Measurement Error and Correlations
[ Since writing all this, I've found that this idea comes up quite a bit in the scientific literature. The terms are "correlation dilution" and "correction for attenuation" Regression dilution. ]
Suppose there are two variables ($X$ and $Y$) and you are interested in their correlation. The rub is that you can't know these variables values directly; instead, you have estimates of them ($X'$ and $Y'$) that introduce independent noise. You can, if you choose, think of this noise as measurement error.
Let
- $r$ be the correlation between $X$ and $Y$.
- $r'$ be the correlation between $X'$ and $Y'$.
- $r_x$ be the correlation between $X$ and $X'$.
- $r_y$ be the correlation between $Y$ and $Y'$.
Here are two interesting facts:
$$ r' = r \cdot r_x \cdot r_y \cdot $$ $$ r = \frac{r'}{r_x \cdot r_y} $$
Why does this matter? Lots of reasons, especially in the social sciences where measurement error tends to be high.
One example is IQ. Most studies treat IQ scores as actual intelligence. In fact, test-retest correlations are typically r~0.9 for IQ tests, suggesting $r_x \cdot r_y \approx 0.925$. The correlation between identical twins' test scores are generally around 0.84, which implies a true correlation of 0.908 (0.84/0.925). Meanwhile, the correlation for fraternal twins' test scores is around 0.42; again correcting for measurement error increases this to 0.454.
Why does this matter? Well, assuming the test scores are IQ implies a heritability of 0.84 (i.e. 2*(0.84 - 0.42)).
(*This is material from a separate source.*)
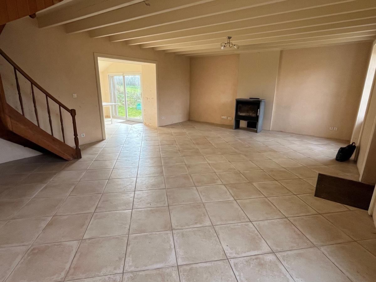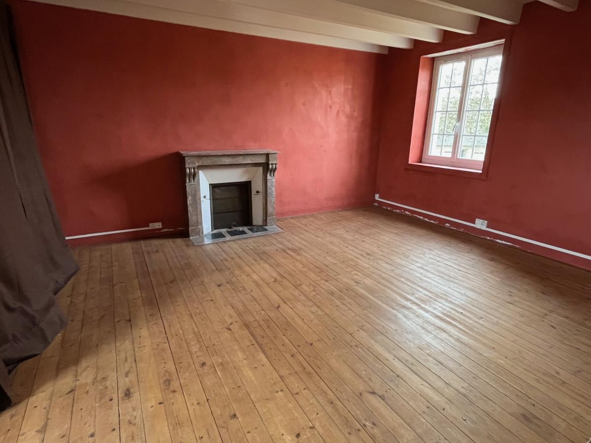 Séjour avec poêle à bois 45 m² et départ d'escalier bois, cuisine (à installer) 16 m², arrière cuisine / buanderie 10 m², salon avec cheminée insert et autre départ d'escalier bois 20 m², une chambre avec salle de douches attenante et wc,

Assuming test scores are IQ plus measurement error implies a heritability of 0.908 (i.e. 2*(0.908-0.454)). This is hardly the only problem with naive heritability estimates of IQ, but it is a major one.
This pattern repeats itself across other heritability estimates (e.g. income and BMI): twin studies lump measurement error into the "unshared environment" category, which biases their estimates of heritability and shared environment downwards.